Tsang's surprise win in Episode 1 of Infinity and Beyond (where his cover of Samantha Lam's 1984 hit "First Love" (初戀) was voted top performance among all 16 participants who included veterans George Lam, Sally Yeh, Hacken Lee, Li Jian, Miriam Yeung and Coco Lee), coupled with his lively personality; iconic afro hairstyle, and most notably his singing prowess, made him into one of the most exciting breakout stars of the series. As a result, Tsang's popularity skyrocketed in China, especially in the Cantonese-speaking regions in the south. His Weibo follower count shot up from 3,500 fans before start of show in April 2022 to break 1 million in July. "First Love" recorded 1.4 million views on the official YouTube channels within 2 weeks of posting, making it one of Mango TV's most popular stage performances of the year.

Infinity and Beyond was aired over mainstream TV in both Hong Kong and mainland China, and by the end of 13 episodes, recorded an accumulated viewership count of 160 million people, not including online release. As of June 2024, online viewership at the Mango TV platform has exceeded 210 million on average for each episode of the season.

Call Me by Fire 2

On the contrary, Call Me by Fire (season 2) would prove to be a greater challenge. Invited to join on the back of his previous success, Tsang had by far the least experience among all participants in the show's history. When filming began in June 2022, he had only debuted less than 18 months before. Compared to the other seasoned musicians and performers including veteran superstars like Alex To, Richie Ren, Vanness Wu, Alec Su etc., Tsang was almost an unknown to non-Cantonese speaking audiences at the start of show. In a contest where audience popularity voting was the determining factor, he was able to impress sufficiently with his few performances, and avoided elimination to reach the finals. Although he could not make the final selection, Tsang called this a highly rewarding experience, both in terms of personal growth and friendships with fellow contestants who were top tier performers and musical minds in their own right.
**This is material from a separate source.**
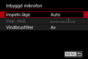 Tillgängligt om du använder den inbyggda mikrofonen eller mikrofoner anslutna med ett flerfunktionsfäste, som är kompatibla med vindbrusfilter.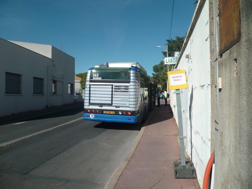 Le point de départ des navettes mises en place à la suite de la collision entre un camion-benne et une rame de tramway, avenue de Lodève à Montpellier, le vendredi 24 octobre 2014, était situé au début de la rue d’Alco dans le périmètre où sévissent les moustiques tigres vecteurs du Chikungunya. Copyright : Edouard Paris

Call Me by Fire (season 2), broadcast online via the Mango TV platform, had an audience reach nationwide, with Episode 1 alone recording 171 million views on the first day of upload (more than 10% of the entire nation's population). As of June 2024, online viewership at the Mango TV platform has exceeded 310 million on average for each episode of the season.

First Solo Album, Solo Concert and CCTV Galas

In April 2022, Tsang's fifth Cantonese single "I'd Thought" (我以為) was released just ahead of the Infinity and Beyond broadcast, and eventually took the top spot in the RTHK Chinese Gold Song chart in Hong Kong, as well as Music FM Radio Guangdong's Cantopop weekly chart (粵語歌曲排行榜)* and the Chinese Music Awards Weekly Ranking (華語金曲榜)* in mainland China. One week later, "Run On!" (奔跑吧！)* was re-released in Mandarin and reached No.1 on the nationwide Music Pioneer chart (音樂先鋒榜) in China.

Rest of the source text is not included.